> Extracted entries

+===+

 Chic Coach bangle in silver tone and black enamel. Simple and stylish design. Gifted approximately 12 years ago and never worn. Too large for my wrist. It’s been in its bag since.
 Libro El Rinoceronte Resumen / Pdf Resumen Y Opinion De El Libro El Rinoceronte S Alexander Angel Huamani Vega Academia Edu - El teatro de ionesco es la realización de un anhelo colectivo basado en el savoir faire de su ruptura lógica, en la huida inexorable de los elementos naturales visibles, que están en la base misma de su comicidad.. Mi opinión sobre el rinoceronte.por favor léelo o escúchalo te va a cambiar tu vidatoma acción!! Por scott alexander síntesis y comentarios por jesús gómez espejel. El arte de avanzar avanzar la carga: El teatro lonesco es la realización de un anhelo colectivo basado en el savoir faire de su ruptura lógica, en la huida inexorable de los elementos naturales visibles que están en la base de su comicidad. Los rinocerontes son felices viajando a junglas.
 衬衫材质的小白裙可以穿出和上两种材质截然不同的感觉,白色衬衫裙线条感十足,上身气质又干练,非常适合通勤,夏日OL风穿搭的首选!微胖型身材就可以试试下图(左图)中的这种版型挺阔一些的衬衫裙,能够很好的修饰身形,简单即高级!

+===+

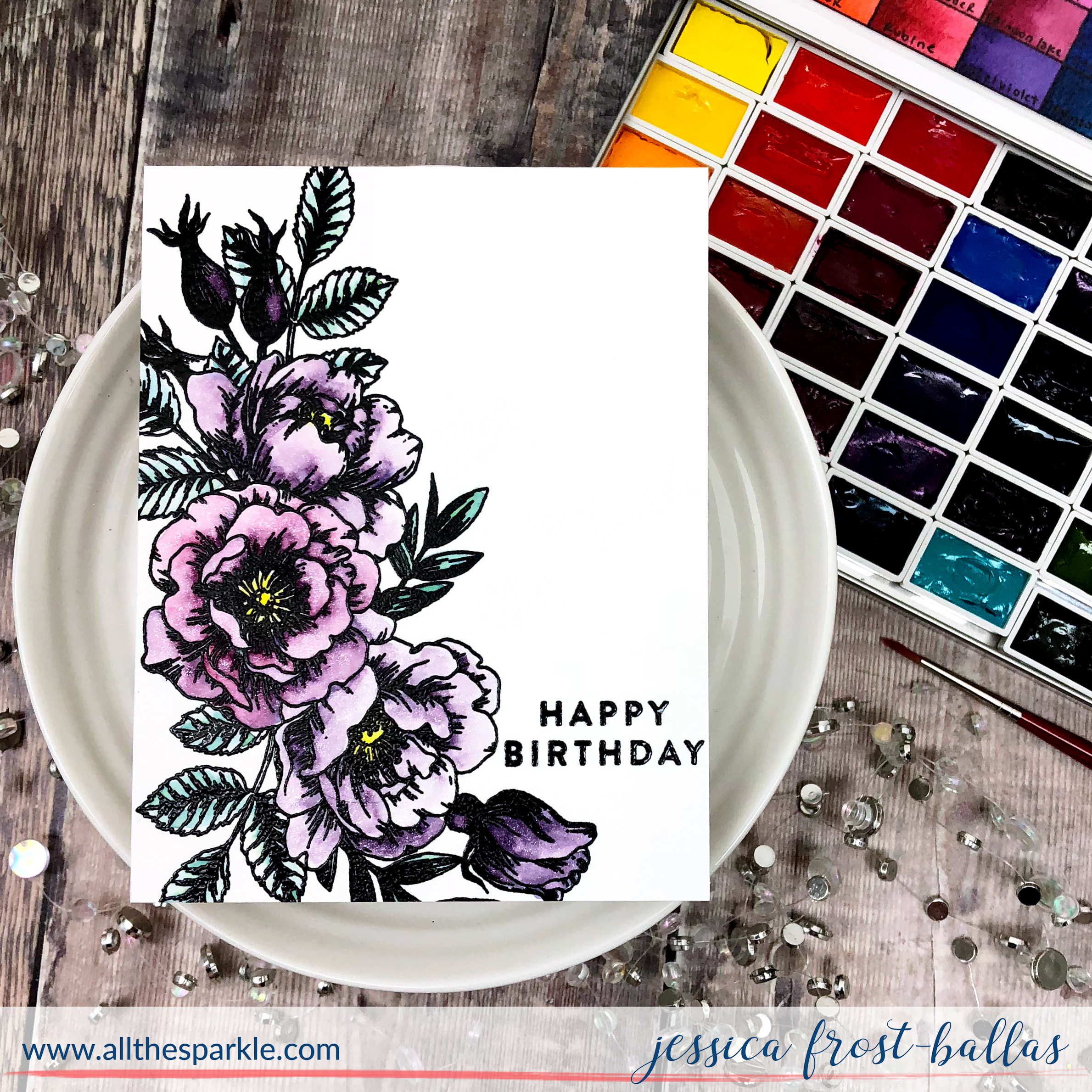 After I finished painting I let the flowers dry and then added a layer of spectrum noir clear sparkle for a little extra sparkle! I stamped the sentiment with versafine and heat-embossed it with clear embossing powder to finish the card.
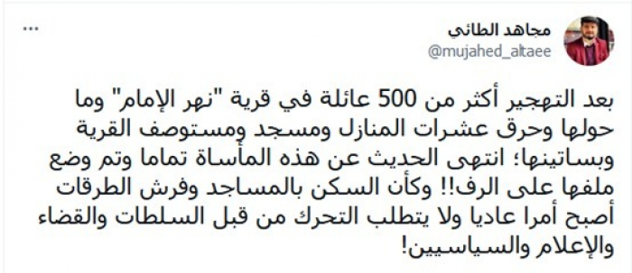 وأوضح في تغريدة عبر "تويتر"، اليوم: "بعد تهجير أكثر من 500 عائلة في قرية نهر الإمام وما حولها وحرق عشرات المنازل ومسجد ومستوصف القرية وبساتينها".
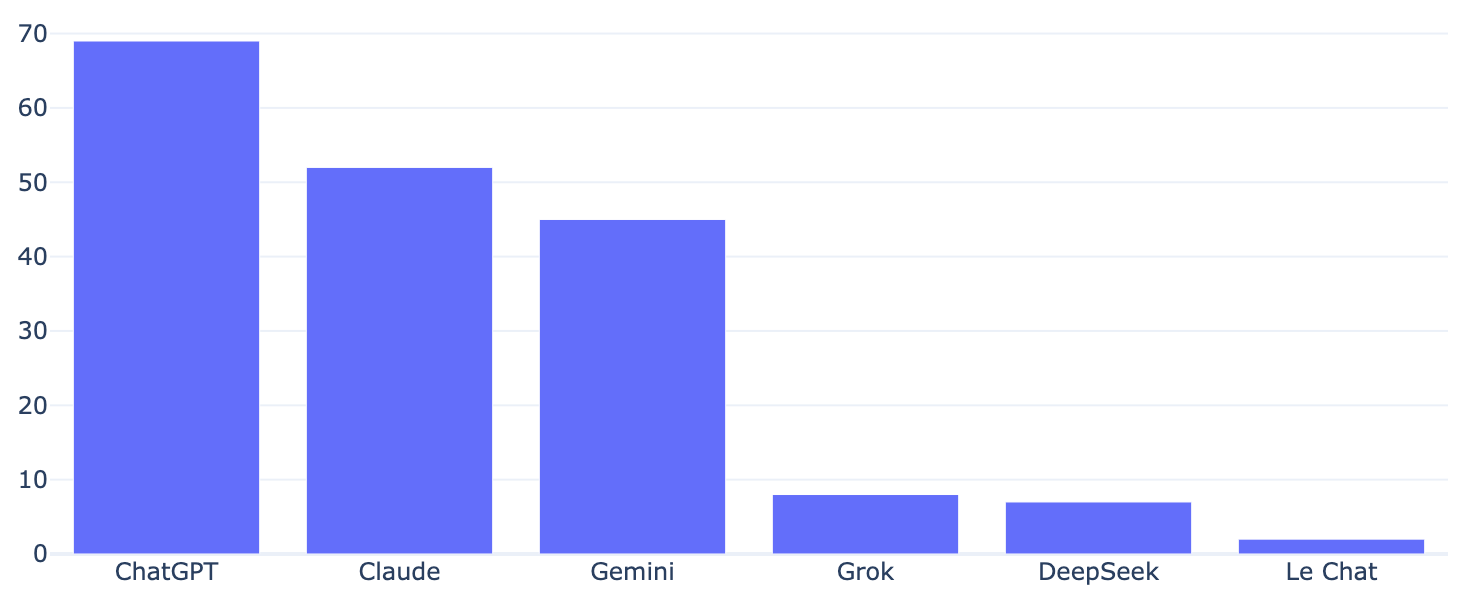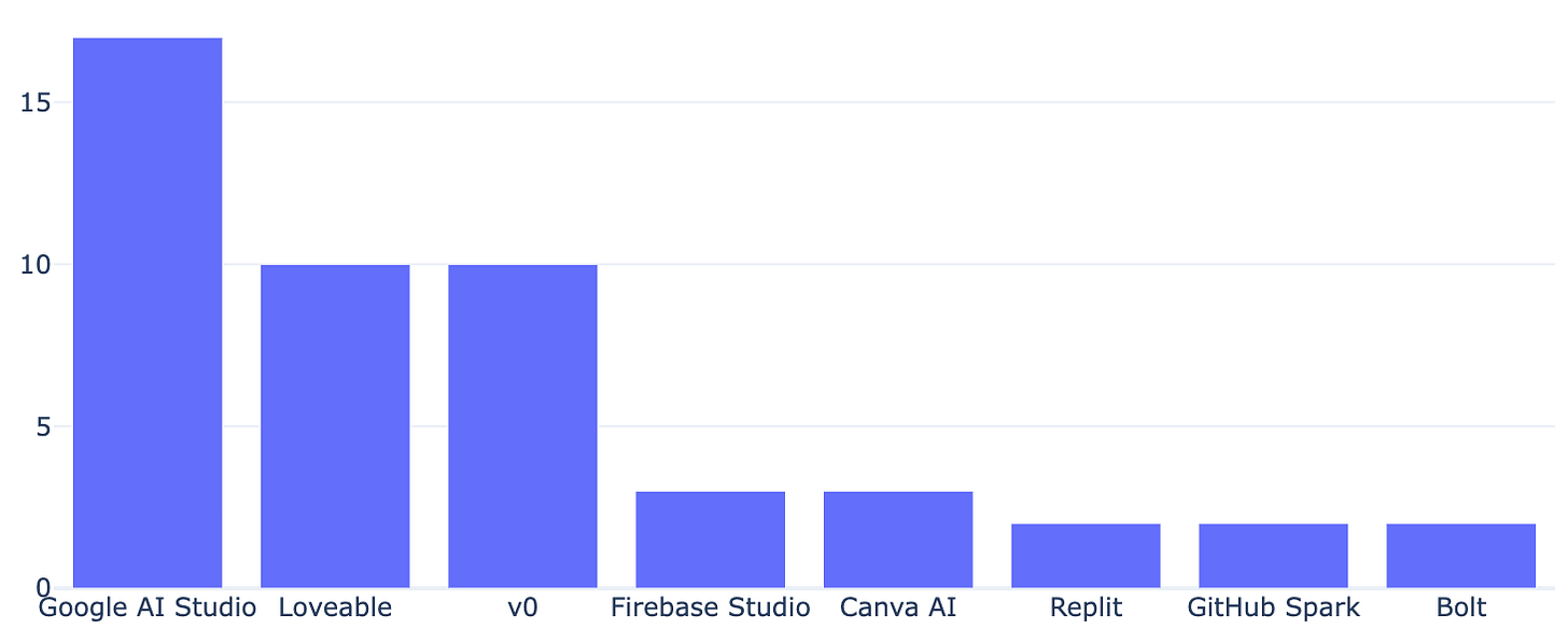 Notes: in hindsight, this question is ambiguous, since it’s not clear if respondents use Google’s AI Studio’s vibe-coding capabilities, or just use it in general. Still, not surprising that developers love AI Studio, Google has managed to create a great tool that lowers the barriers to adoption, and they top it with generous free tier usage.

+===+

> Work task
Repeat, character for character, the lines of the material above from the line with "Libro El Rinoceronte Resumen" through the line with "衬衫材质的小白裙可以穿出和上".

> Response for this exercise
 Libro El Rinoceronte Resumen / Pdf Resumen Y Opinion De El Libro El Rinoceronte S Alexander Angel Huamani Vega Academia Edu - El teatro de ionesco es la realización de un anhelo colectivo basado en el savoir faire de su ruptura lógica, en la huida inexorable de los elementos naturales visibles, que están en la base misma de su comicidad.. Mi opinión sobre el rinoceronte.por favor léelo o escúchalo te va a cambiar tu vidatoma acción!! Por scott alexander síntesis y comentarios por jesús gómez espejel. El arte de avanzar avanzar la carga: El teatro lonesco es la realización de un anhelo colectivo basado en el savoir faire de su ruptura lógica, en la huida inexorable de los elementos naturales visibles que están en la base de su comicidad. Los rinocerontes son felices viajando a junglas.
 衬衫材质的小白裙可以穿出和上两种材质截然不同的感觉,白色衬衫裙线条感十足,上身气质又干练,非常适合通勤,夏日OL风穿搭的首选!微胖型身材就可以试试下图(左图)中的这种版型挺阔一些的衬衫裙,能够很好的修饰身形,简单即高级!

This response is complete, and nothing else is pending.